How to find the sine of an angle in an equilateral triangle

If the data is a known value of at least one angle (α) in an isosceles triangle, it will allow you to find the other two (β and γ), and hence the sine of any of them. Based on the theorem about the angle sum, which says that in the triangle it must be equal to 180°. If the angle of known value lies between the lateral sides, the magnitude of each of the other two equal half the difference between 180° and an angle are known. It means that you can use in the calculation of such an identity: sin(β) = sin(γ) = sin((180°-α)/2). If you know the angle adjacent to the base of the triangle, this identity splits into two equations: sin(β) = sin(α) and sin(γ) = sin(180°-2*α).

Knowing the radius (R) of the circle described around this triangle, and the length of any of the parties (for example,) without resorting to the computation of trigonometric functions to calculate the sine of the angle (α) lying opposite this side. Use the theorem of sines - from this it follows that the desired value is equal to half the ratio between the side length and radius sin(α) = ½*R/a.

Known area (S) and length side (a) of an isosceles triangle will calculate the sine of the angle (β) lying opposite the base of the figure. To do this, double the area and divide the result by the squared length of the sides: sin(β) = 2*S/a2. If in addition the lengths of the sides are known and the length of the base (b), a square can be replaced by the product of the lengths of these two sides: sin(β) = 2*S/(a*b).

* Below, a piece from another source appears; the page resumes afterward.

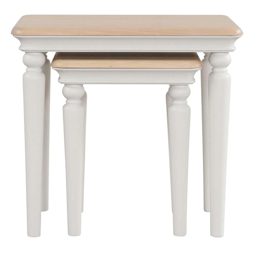 Beautifully crafted with turned legs, a painted finish, and solid oak tops, this nest of two tables brings versatility and charm to your living area. Use them together or apart perfect for entertaining, serving drinks, or creating extra surface space whenever you need it, then neatly nest them away. Key Features: Crafted from White Oak, pine and MDF. A beautifully refined design featuring delicate curves, turned legs, rounded solid oak tops, and elegantly moulded cornices and plinths. Designed in the UK. Finished in a smooth durable Grey Mist paint, with lightly lacquered solid oak tops. Delivery & Returns: Free mainland UK delivery Time slot confirmation for added convenience Delivered using our own vans and specialist team

If you know the lengths of the sides (a) and base (b) isosceles triangle to calculate the sineand the angle at the base (α) it is possible to even use the theorem tothe sine ofs. From this it follows that tothe sine of this angle is equal to half of the ratio of the length of the base to the length of the sides: cos(α) = ½*b/a. Sinus and cosinus connected by the equation: sin2(α) = 1-cos2(α). Therefore, to calculate the sineand extract the square root of the difference between one and a quarter ratio of the squares of the lengths of the base and the side: sin(α) = √(1-cos2(α)) = √(1-¼*b2/A2).